Assigning the accuracy manually we obtain two different cutoffs, a coding cutoff and a non-coding cutoff. With this two cutoff, we obtain the transcripts classified in three different categories:
- : if the coding potential is greater than the coding cutoff.
- : if the coding potential is less than the non-coding cutoff.
- : if the coding potential is between the two cutoffs, the transcript is tagged as a transcript with unknown coding potential.
In order to evaluate the performance of this tool, we create a dataset of well-known protein coding sequences with the ‘Load sequences from BioMart’ tool, selecting as dataset the first 1000 coding genes of the human (GRCh38.p7) from the ‘Ensembl Genes 87. Once we have downloaded the sequences, we run the CPAT tool with the human prebuilt model, obtaining 99.1% as coding sequences. The sequences tagged as ‘non-coding’ have been blasted and revealed on his hits some a very unspecific Blast hit having a very small HSP with very high similarity.

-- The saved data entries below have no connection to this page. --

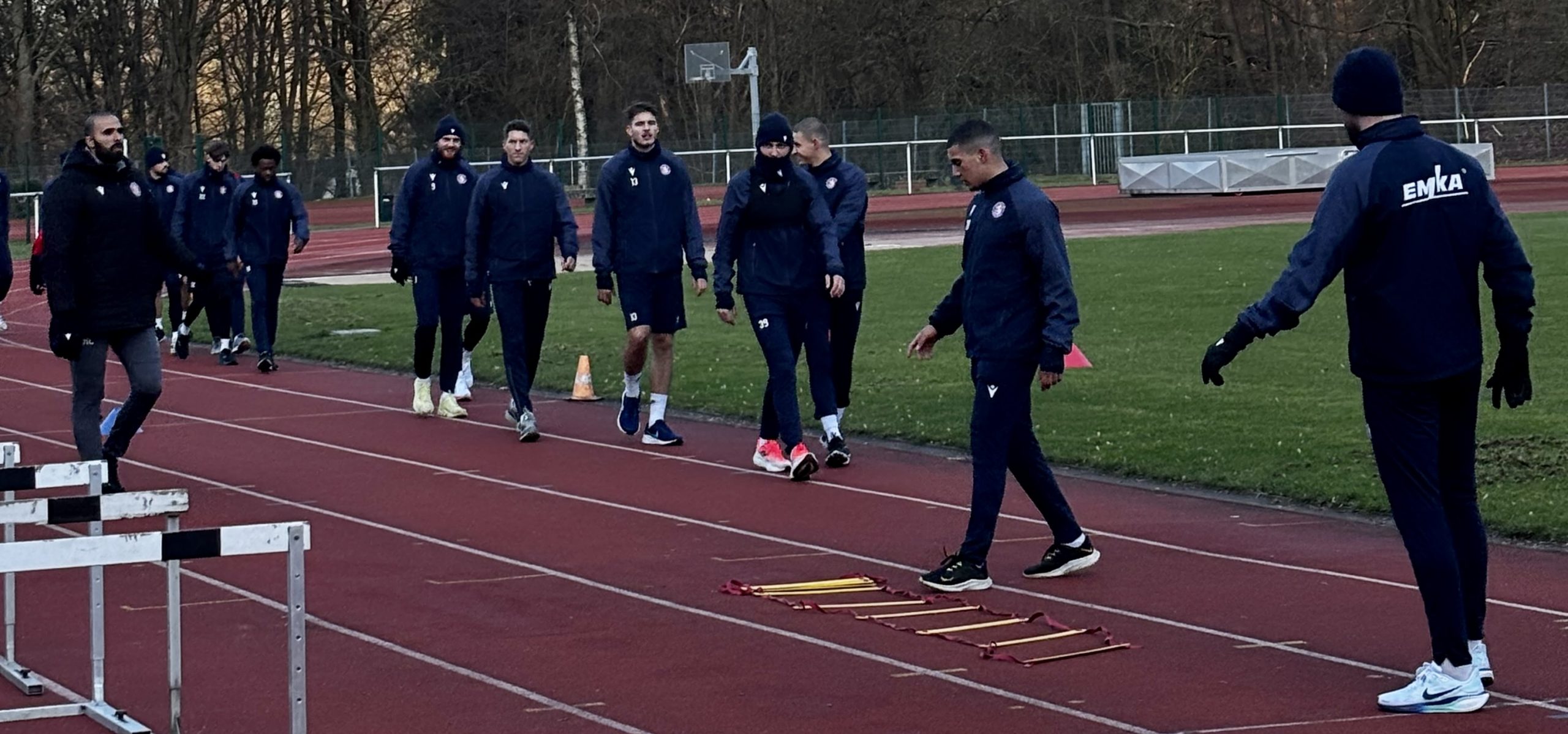 Spieler des Regionalisten Wuppertaler SV beim Training auf der Sportanlage an der Oberbergischen Straße – © Siegfried JähneTabellen-Schlußlicht SSVg Velbert hat sich noch nicht aufgegeben. Den Klassenerhalt wollen die Nachbarn mit einem signifikant veränderten Kader anvisieren. Dazu gehören als Neuzugänge der 20jährige Japaner Haruto Idoguchi (20) für die Stürmerposition sowie im Tor Kevin Jackmuth (31), der von Eintracht Hohkeppel aus der Mittelrheinliga geholt wurde. Allerdings startete das Team von Trainer Bogdan Komorowski schon mit einer bitteren Niederlage ins neue Jahr: Im Nachholspiel gegen die SG Lotte mussten sich die Velberter letzte Woche vor 500 Zuschauern im eigenen Stadion 0:3 geschlagen geben und verloren zusätzlich Rechtsverteidiger Ismael Remmo, der nach zwei unnötigen Foulspielen mit gelb-rot vom Platz musste.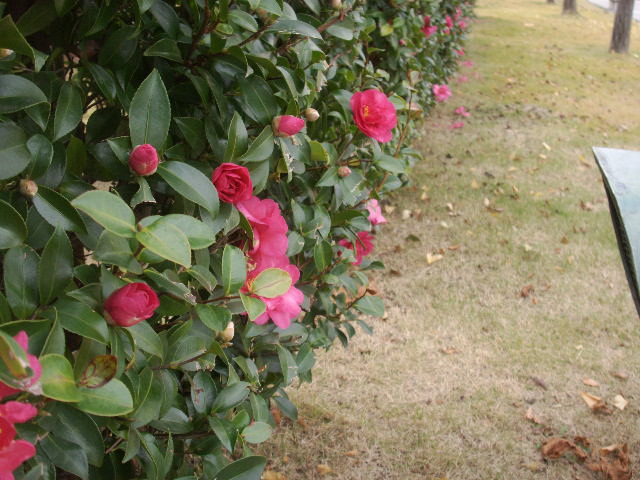 冬に至り、さざんかの垣根に花がいっぱい咲いている
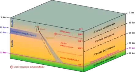 Par rapport aux déformations géologiques, la zone supérieure est plus fragile, et la zone sous-jacente plus ductile. Dans la zone ductile, la croûte terrestre peut se déformer plastiquement, c'est-à-dire sans se rompre et de façon permanente. À une profondeur d'environ 10 à 20 km, la pression et la température sont en effet si élevées que les principaux composants minéraux de la croûte, du quartz et du feldspath ne réagissent plus en cassant lorsqu'ils sont soumis à des contraintes tectoniques, mais réagissent de manière ductiles, par glissement aux limites des cristaux ou en recristallisant. La profondeur de cette zone de transition dépend du flux de chaleur et de la teneur en fluide de la croûte terrestre. Dans les régions magmatiquement actives avec un flux de chaleur accru et une concentration de fluide plus élevée, la zone ductile commence à une profondeur plus faible, ce qui rend la croûte terrestre plus facilement déformable.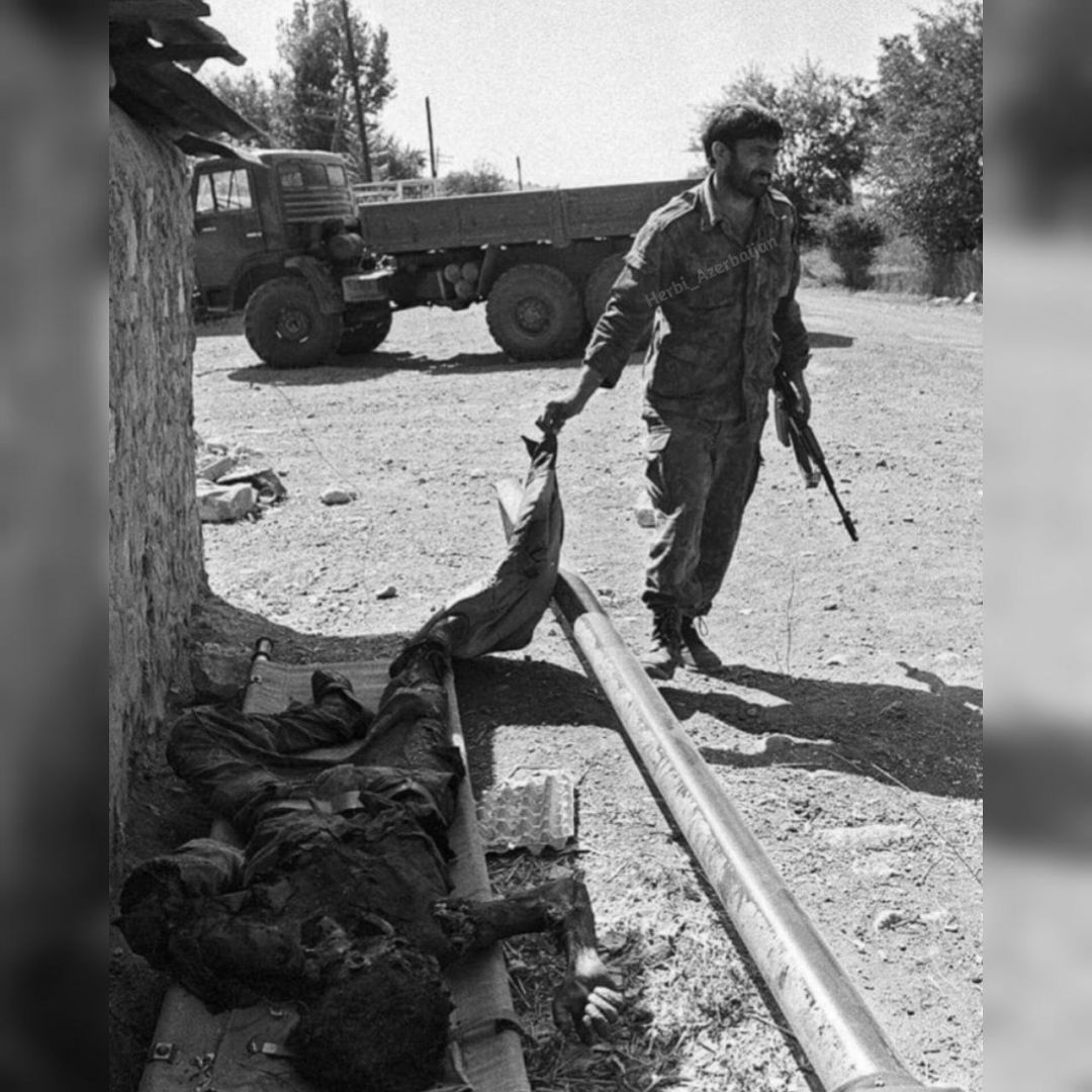 Guliyev Ganimat, et 4 personnes de sa famille ont été tuées avec lui. Quand il a levé les mains et s'est rendu, les Arméniens lui ont dit que non, tu ne te rends pas. Ils lui ont fendu la tête avec une hache. Puis ils ont tué sa femme de la même manière. »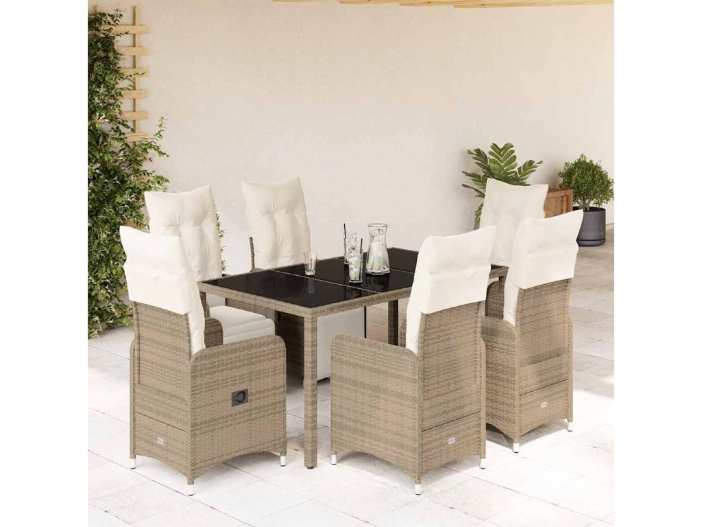 7dílný zahradní bistro set s poduškami hnědý polyratan [3277212]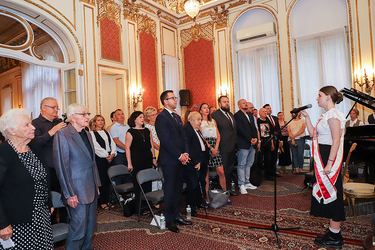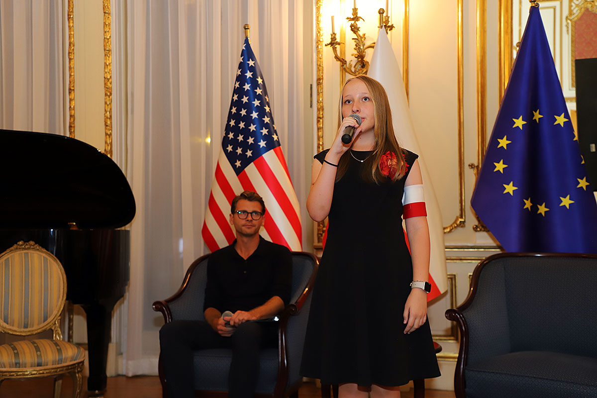 The artistic part featured the Polonia Children’s Choir, founded in 2020, led by Dominik Grzyb, who played the piano, guitar and accordion. The children, dressed in costumes from the 1940s, movedly sang insurgent songs. Michał Jamrożek, who has already won many music competitions and awards, sang “Lullaby from the Ghetto” in a wonderful falsetto. Children from the Polonia orchestra played the accordion, clarinet and xylophone.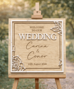 This beautifully layered wooden sign features a structured square design with a delicate botanical frame detail. The combination of raised lettering and refined floral corner accents creates a balanced and sophisticated look, perfect for both classic and modern wedding themes.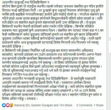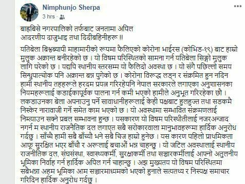 उनले लेखेका छन्- नगरभित्र संक्रमण हुन नदिने हाम्रो अथक प्रयास बाबजुत कोरोनाले सिन्धुपाल्चोकमै पहिलो प्रवेश पाएको छ । त्यति मात्रै होईन थप संक्रमित बढ्ने हुनाले संक्रमणको हामी उच्च जोखिममा छौँ ।

Fig.5 – BioMart tool used to import the sequences.
Fig.6 – Results of the coding potential on well-known protein coding sequences.
Once the quality and precision of the model are adjusted, we can evaluate the prediction results.
On one hand, we obtain a “Coding Potential Table” which classifies each transcript with a tag and offers the values of the RNA length, the ORF length, the scores from where derive the coding potential score (Fickett score and Hexamer score) and the coding potential score itself. On the other hand, we can see a pie chart statistics of the coding potential distribution.
To further evaluate the classification transcripts have been blasted against a protein database. As expected, most of the non-coding results have also no Blast results while the coding ones do. However, we also observe transcripts classified as non-coding with Blast results – these might reveal gene expression regulators like ncRNA or miRNAs present in the protein database (also very unspecific Blast hits with a small HSP and high similarity could be aligned). These transcripts should be reviewed.
We also observe several transcripts classified as coding but without any Blast results. This could indicate that these potentially coding transcripts have not yet been added yet to any protein database and therefore might represent novel mRNAs.
1 Wang, L., Park, H. J., Dasari, S., Wang, S., Kocher, J. P., & Li, W. (2013). CPAT: Coding-Potential Assessment Tool using an alignment-free logistic regression model. Nucleic acids research, 41(6), e74-e74.
2 Wucher, V., Legeai, F., Hedan, B., Rizk, G., Lagoutte, L., Leeb, T., … & Cirera, S. (2017). FEELnc: a tool for long non-coding RNA annotation and its application to the dog transcriptome. Nucleic Acids Research, gkw1306.